The meaning of the Progressives: a return to or a break with the 1990s?
The victory of the Progressives was not unexpected in these elections, though the scale of victory surprised many. The Progressives are currently led by the outgoing deputy prime minister, Aleksandar Vučić, the most popular man in Serbia. His own leadership role in the Progressives is very recent, though he has been a domestic name in Serbian politics since the early 1990s, when multi-party democracy emerged at the same time as the bloody break-up of Yugoslavia. Vučić rose quickly. He was a parliamentarian aged 22 and general secretary of the newly-formed, extreme right-wing Serbian Radical Party aged 24. During that time, he and the SRS publicly supported Serb forces in the Croatian and Bosnian civil wars. Indeed, the party stands accused of close association with paramilitary groups that perpetrated atrocities in Croatia and Bosnia. Vučić also served as minister of information during the 1990s when the SRS was in coalition with Milošević’s Socialists. He threatened a prominent oppositional journalist in 1999, a day before the latter was assassinated. The mystery of the assassination is yet to be solved.

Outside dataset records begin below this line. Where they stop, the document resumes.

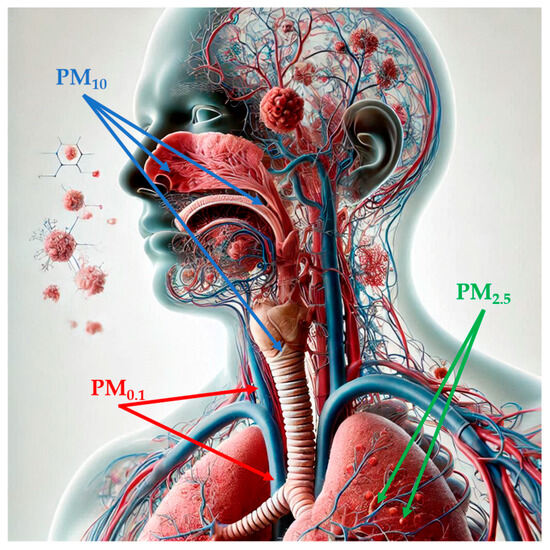 PM, a mixture of solid particles and liquid droplets, which presents high variability in size and may consist of hundreds of different chemicals, is considered the most reliable indicator of air pollution [17,47]. Notably, PM is classified according to its aerodynamic diameter: particles sized smaller than 10 µM in diameter (PM10), also called inhalable particles; PM2.5, known as fine particles; and PM0.1, or ultrafine particles, with a diameter, which is smaller than 0.1 µM [48]. Particle size is strongly correlated with health-related effects of PM since, with the decrease in size, particles may progressively deposit in the nasal, pharyngeal and laryngeal passages, trachea, and bronchi (PM10) in the respiratory bronchioles and alveoli (PM2.5) and, through the respiratory surfaces, in the systemic circulation (PM0.1) (Figure 1) [48,49,50,51]. PM2.5 can also originate directly from both natural sources, such as dust storms, volcanic eruptions, forest fires, and anthropogenic sources like inefficient fuel combustion and agricultural waste burning (primary PM2.5) or produced through physical (coagulation, condensation) and chemical processes involving pollutants such as NO2 and SO2 [47,48,52,53]. Increasing evidence has shown a risk association between short- and long-term exposure to ambient PM2.5 and PTB, mortality or incidence for cardiovascular and respiratory diseases, lung cancer, and type 2 diabetes [54]. In 2019, PM2.5-related deaths totaled nearly 4.2 million, an increase of 102.3% from 1990 to 2019, and with ischemic heart disease, stroke, and chronic obstructive pulmonary disease as the three leading causes of death [54]. According to the 2021 WHO Air Quality Guidelines, the recommended annual and daily average levels for PM2.5 should not exceed 5 and 15 µg/m3, respectively [55]. As for PM10, the WHO recommendation corresponds to an annual level of 15 µg/m3, based on the assessment of the long-term effects of PM10 (i.e., mortality) and not considering that a large proportion of PM10 consists of PM2.5 [56]. Importantly, in 2022, most of the European urban population was exposed to concentrations of PM2.5 (96%) and PM10 (83%) above WHO guidelines, despite ongoing emission reduction policies [57].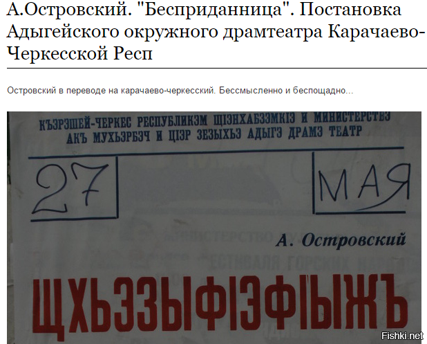 Афиша написана на черкесском языке, а не на абазинском. Сделаю себе скидку, так как я не носитель языка, а черкесский (кабардинский) и абазинский языки относятся к одной абхазо-адыгской группе языков, промахнулся не очень сильно.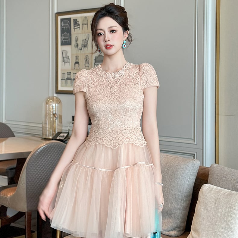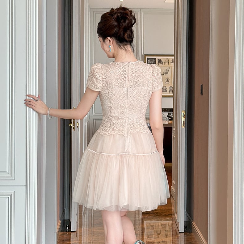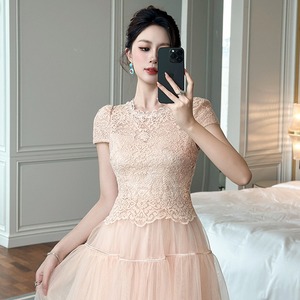 デコルテから袖にかけての透け感が上品で、洗練された雰囲気を引き立てます。

Following the defeat of the Socialists and Radicals in Yugoslav and Serbian elections in late 2000, Vučić continued his political career as a prominent member of the Radical Party, running unsuccessfully twice for mayor of Belgrade, in 2004 and 2008. The Radicals, in this period, represented the main opposition to the post-Milošević establishment. They maintained a rhetorical continuity with the ruling nationalism of the 1990s, looking to Russia rather than the EU, but they combined this approach increasingly with economic populism. This tension began to express itself in the personalities of the leaders of the Radicals. Vojislav Šešelj, the long-time party leader, was an unrepentant nationalist, but he was in the Hague from 2003, awaiting and then standing trial for war crimes. Tomislav Nikolić, his deputy and effective leader of the party following Šešelj’s departure, was beginning to be more pragmatic. The year 2008 proved on several levels a turning point. Incumbent president and Democrat leader Boris Tadić held early elections as a referendum on European integration and narrowly defeated Nikolić. Soon after, in spring, parliamentary elections delivered a strong majority to the Democrat coalition, albeit with the support of the slowly reforming Socialist Party. The influx of foreign capital in the mid-2000s had succeeded in raising living standards for enough people to make it difficult for opponents of Western integration to hope for power. Soon, Kosovo unilaterally declared independence under Western sponsorship, making it appear that the West would make Serbia choose between the EU and Kosovo. The Socialists under Ivica Dačić had already drawn the lesson, and Nikolić followed suit, splitting the Radical Party and leading a mass walk out. Within weeks, he had managed to win over party leader number three, Vučić. They soon launched the Progressive Party and looked like the only viable alternative to the ruling coalition. The Radicals began to dissipate and are now close to non-existent.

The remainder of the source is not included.